Consolidated KYC Risk Management - final document
Note: The BCBS revised and merged this document within the February 2016 publication: Sound management of risks related to money laundering and financing of terrorism
The adoption of effective know-your-customer (KYC) standards is an essential part of banks' risk management practices. Banks with inadequate KYC risk management programmes may be subject to significant risks, especially legal and reputational risk. Sound KYC policies and procedures not only contribute to a bank's overall safety and soundness, they also protect the integrity of the banking system by reducing the likelihood of banks becoming vehicles for money laundering, terrorist financing and other unlawful activities. Recent initiatives to reinforce actions against terrorism in particular have underlined the importance of banks' ability to monitor their customers wherever they conduct business.
In October 2001, the Basel Committee on Banking Supervision (BCBS) issued Customer due diligence for banks, subsequently reinforced by a General Guide to account opening and customer identification (CDD) in February 2003. The CDD paper outlines four essential elements necessary for a sound KYC programme.
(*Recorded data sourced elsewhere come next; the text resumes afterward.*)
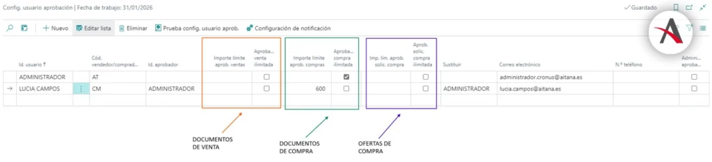 En la siguiente imagen se han configurado, a modo de ejemplo, los usuarios para flujos de aprobación de documentos de compra.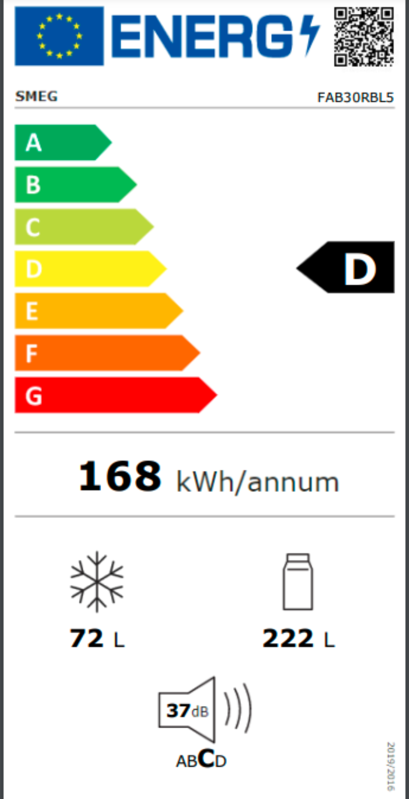 Sum of the volumes of the chill compartment(s) and the unfrozen compartment(s): 222 l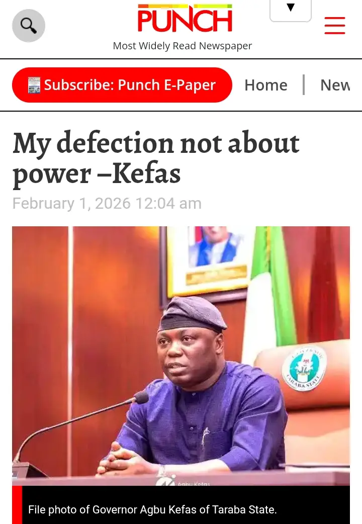 Taraba State Governor Agbu Kefas has said his defection from the PDP to the APC was driven by purpose and the interest of the state, not personal ambition. He described the move as a strategic decision to deepen service delivery and unlock sustainable development for Taraba, insisting he remains committed to the mandate given to him by the people.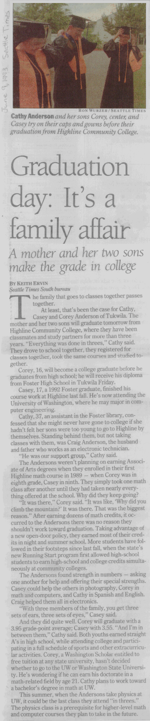 appeared in a local newspaper about Cathy, Casey, and Corey graduating from Highline Community College and the University of Washington. Please be patient as these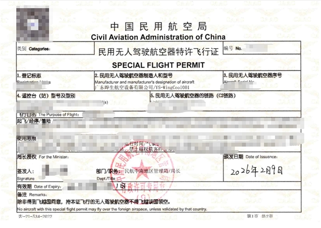 荣获三证,逐梦低空 2026年2月,晔生航空自主研发成果捷报频传,接连收获三张由中国民用航空局颁发的超轻型eVTOL特许飞行证! 2月5日,“云翼WingWing、云舰WingShip”两款超轻型eVTOL率先获证。紧随其后,2月9日,水陆双栖超轻型eVTOL“云鲲WingCool”也成功获证!至此,晔生航空共获三张超轻型eVTOL特许飞行证,这也是全球首家同时获得三张超轻型eVTOL特许飞行证的eVTOL整机厂家。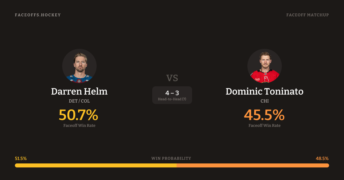 Darren Helm vs Dominic Toninato — Faceoff Head-to-Head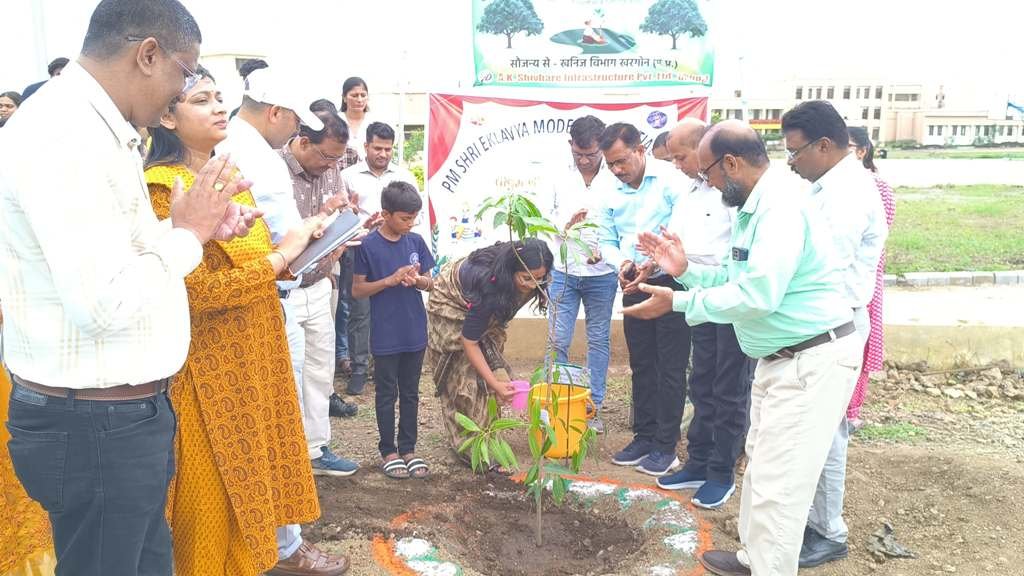एक पेड़ मॉ के नाम अभियान के तहत एकलव्य विद्यालय व मेनगांव थाना परिसर में किया पौधारोपण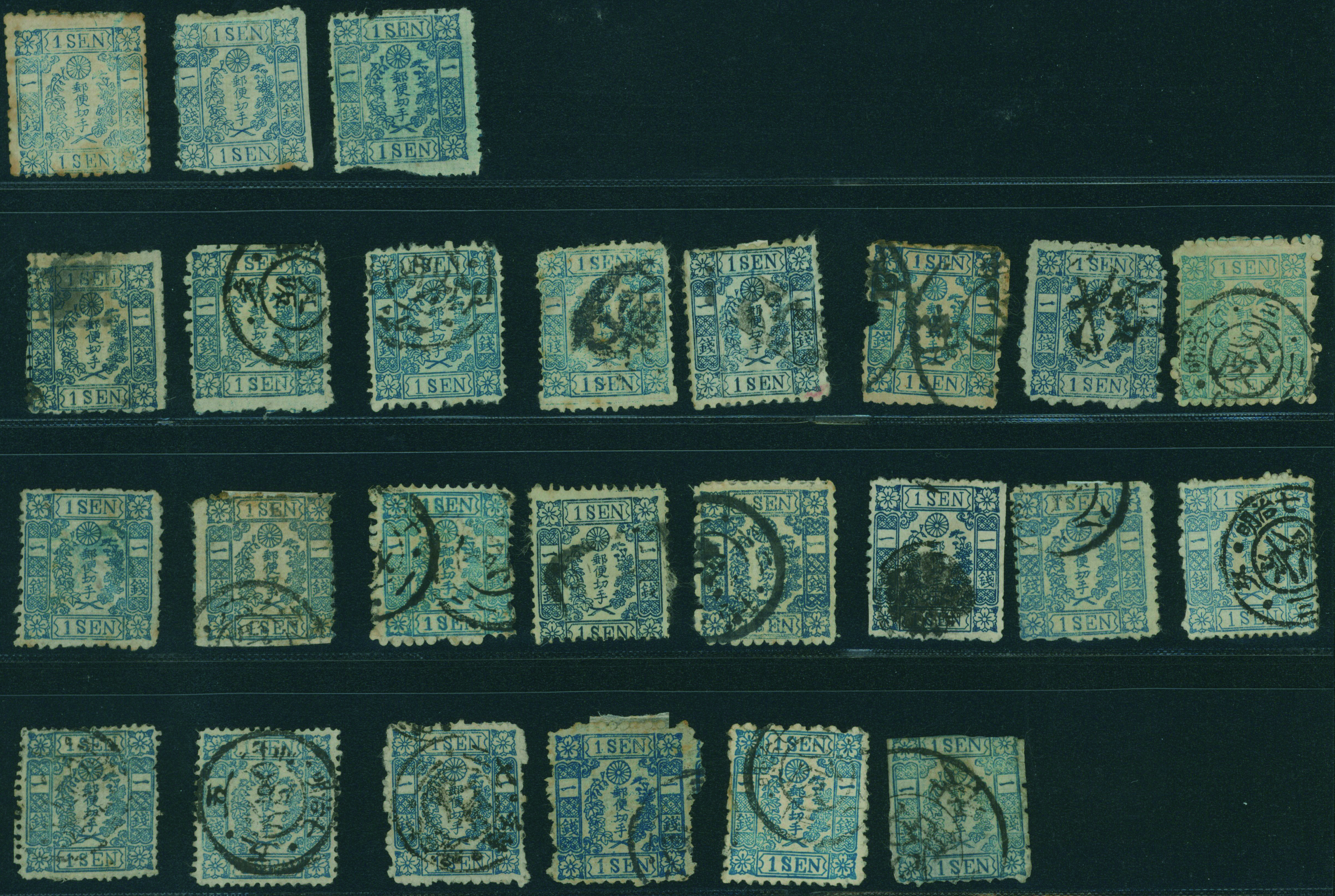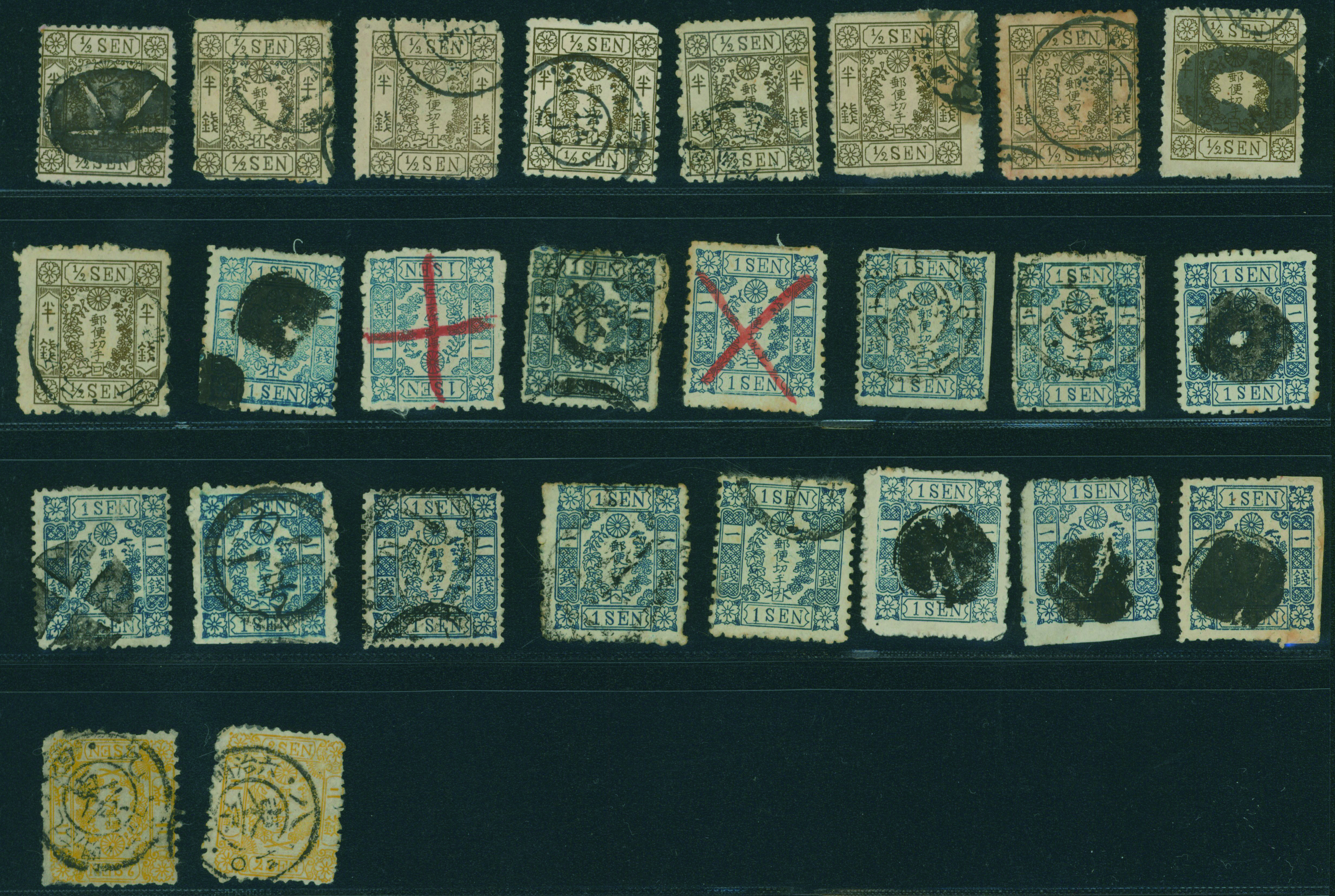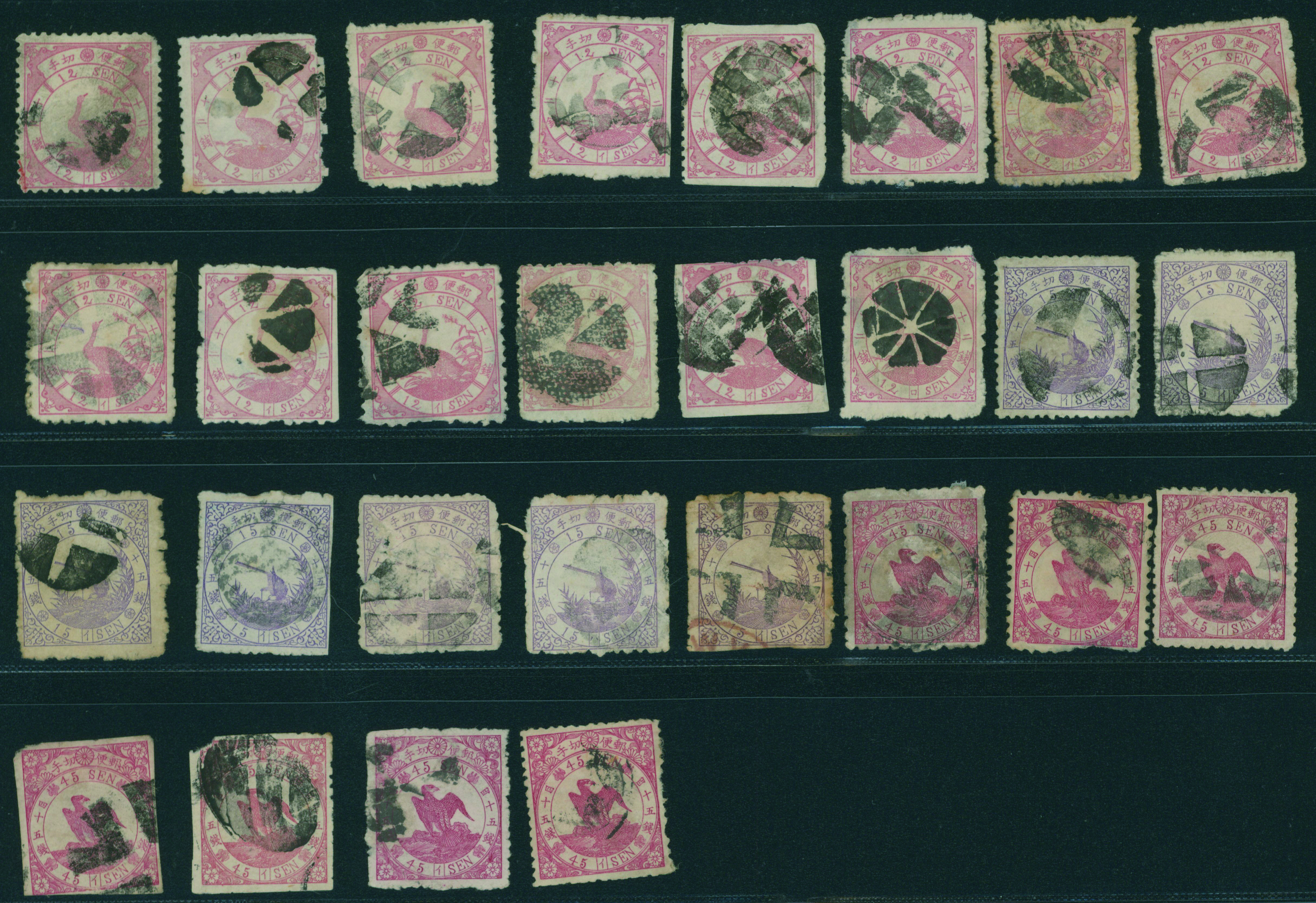 1875 Bird issue 12 Sen, 15 Sen, 45 Sen 28 examples used cancelled by obliteration (Image1) (Image2)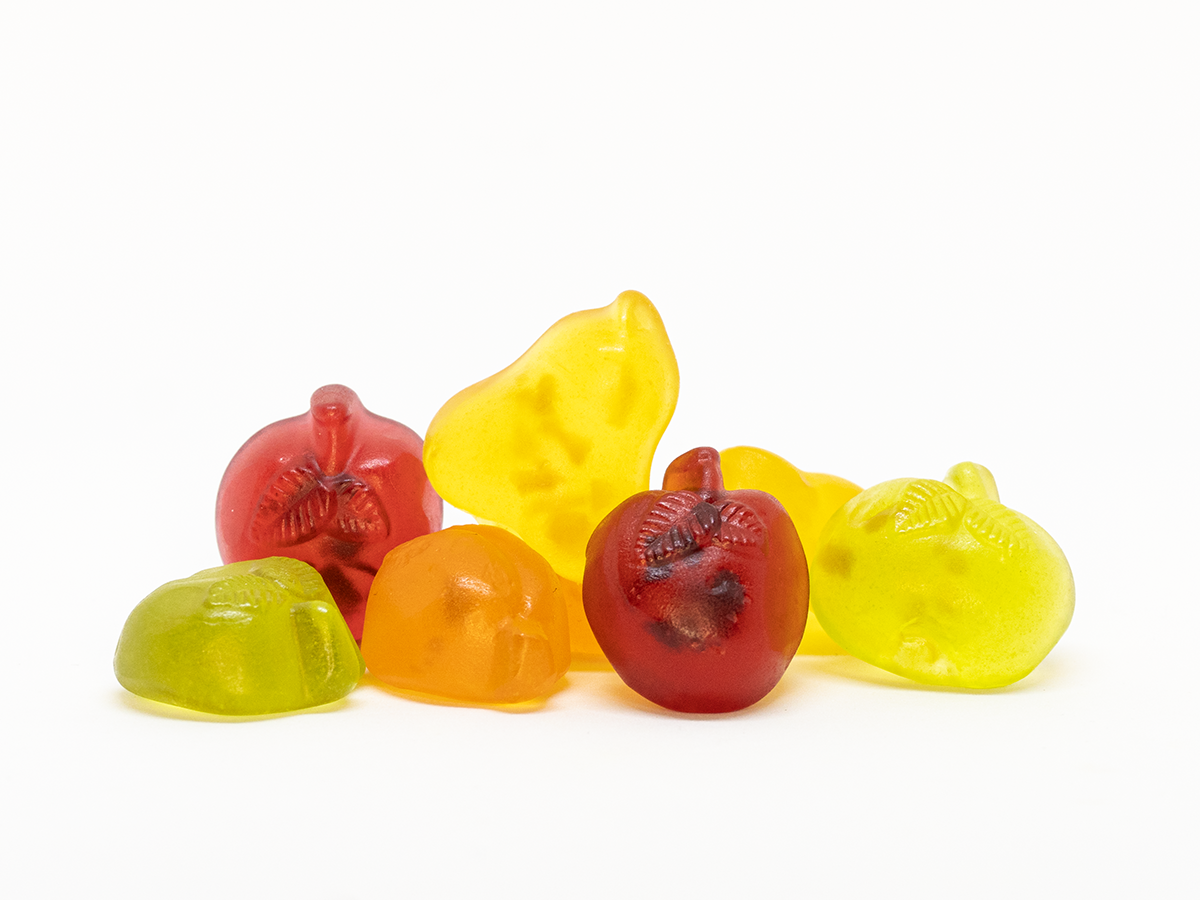 Zutaten: Glukosesirup; Zucker; 9 % Fruchtsaft aus Fruchtsaftkonzentraten (Pfirsich, Birne, Kirsche, Apfel); Gelatine; 4 % Fruchtstücke (Apfel, Pfirsich, Kirsche, Brombeere, Schwarze Johannisbeere); Säuerungsmittel: Citronensäure, Milchsäure; Geliermittel: Pektin; Aroma; färbende Lebensmittel (Schwarze Johannisbeere, Schwarze Karotte, Saflor, Karotte, Zitrone, Spirulina); Überzugsmittel: Bienenwachs weiß und gelb, Carnaubawachs.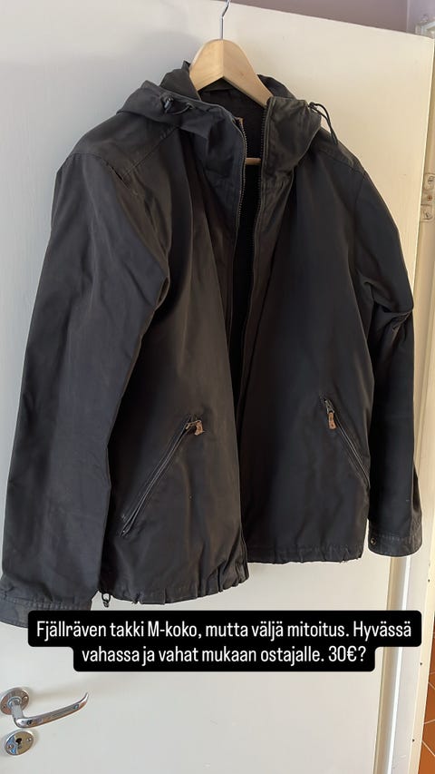 30 €Fjällräven miesten takki M musta puuvillaKoko M FjällrävenHelsinki, Itä-Pakila, Uusimaa5 minOsta hetiPaalupaikkaLisää suosikiksi.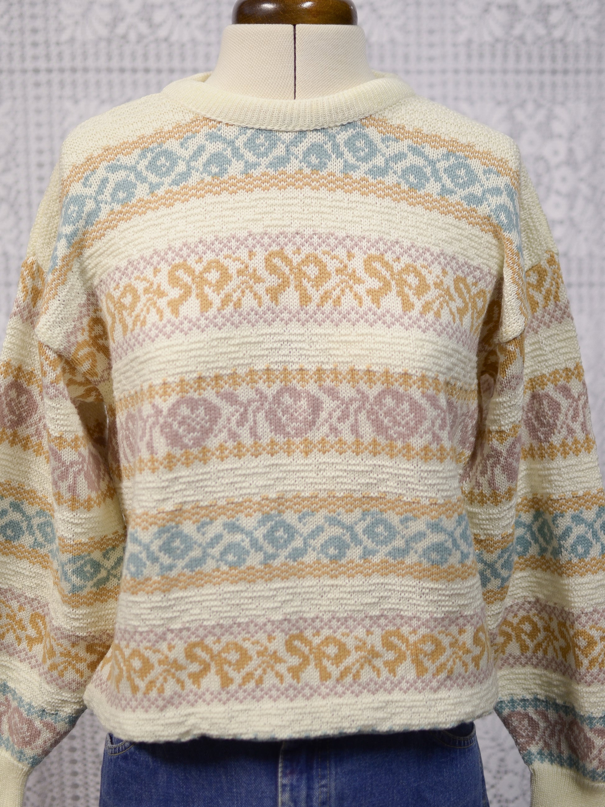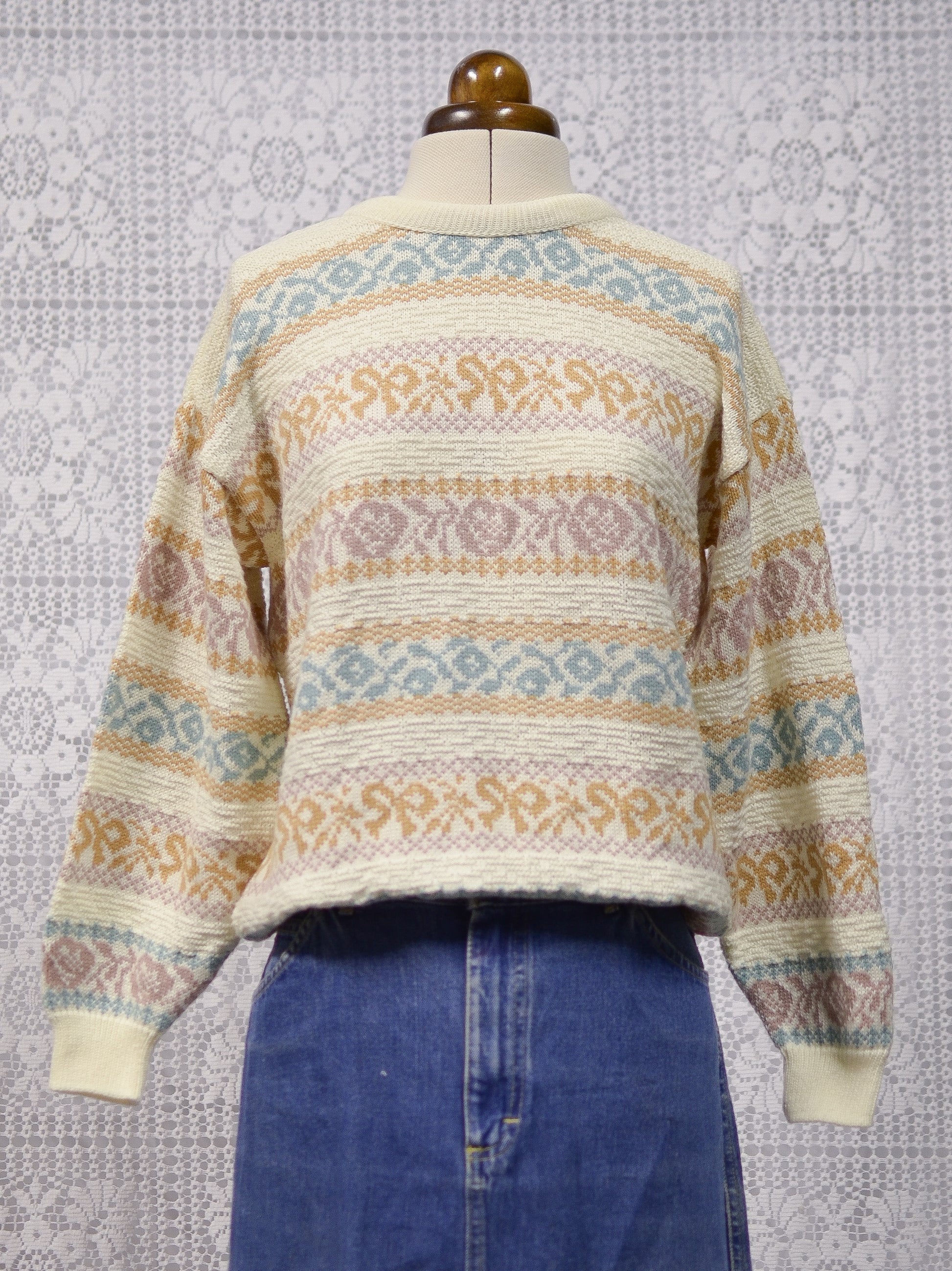 1980s cream and pastel colour floral and bow pattern stripe jumper

These elements are: (i) customer acceptance policy; (ii) customer identification; (iii) on-going monitoring of higher risk accounts; and (iv) risk management. The principles laid down have been accepted and widely adopted by jurisdictions throughout the world as a benchmark for commercial banks and a good practice guideline for other categories of financial institution.
A key challenge in implementing sound KYC policies and procedures is how to put in place an effective groupwide approach. The legal and reputational risks identified in paragraph 1 are global in nature. As such, it is essential that each group develop a global risk management programme supported by policies that incorporate groupwide KYC standards. Policies and procedures at the branch- or subsidiary-level must be consistent with and supportive of the group KYC standards even where for local or business reasons such policies and procedures are not identical to the group's.
Consolidated KYC Risk Management means an established centralised process for coordinating and promulgating policies and procedures on a groupwide basis, as well as robust arrangements for the sharing of information within the group. Policies and procedures should be designed not merely to comply strictly with all relevant laws and regulations, but more broadly to identify, monitor and mitigate reputational, operational, legal and concentration risks. Similar to the approach to consolidated credit, market and operational risk, effective control of consolidated KYC risk requires banks to coordinate their risk management activities on a groupwide basis across the head office and all branches and subsidiaries.
The BCBS recognises that implementing effective KYC procedures on a groupwide basis is more challenging than many other risk management processes because KYC involves in most cases the liabilities rather than the assets side of the balance sheet, as well as balances that are carried as off-balance sheet items. For reasons of customer privacy, some jurisdictions continue to restrict banks' ability to transmit names and balances as regards customer liabilities whereas there are now very few countries maintaining similar barriers on the assets side of the balance sheet. It is essential, in conducting effective monitoring on a groupwide basis, that banks be free to pass information about their liabilities or assets under management, subject to adequate legal protection, back to their head offices or parent bank. This applies in the case of both branches and subsidiaries. The conditions under which this might be achieved are set out in paragraphs [20 to 23].
Jurisdictions should facilitate consolidated KYC risk management by providing an appropriate legal framework which allows the cross-border sharing of information. Legal restrictions that impede effective consolidated KYC risk management processes should be removed.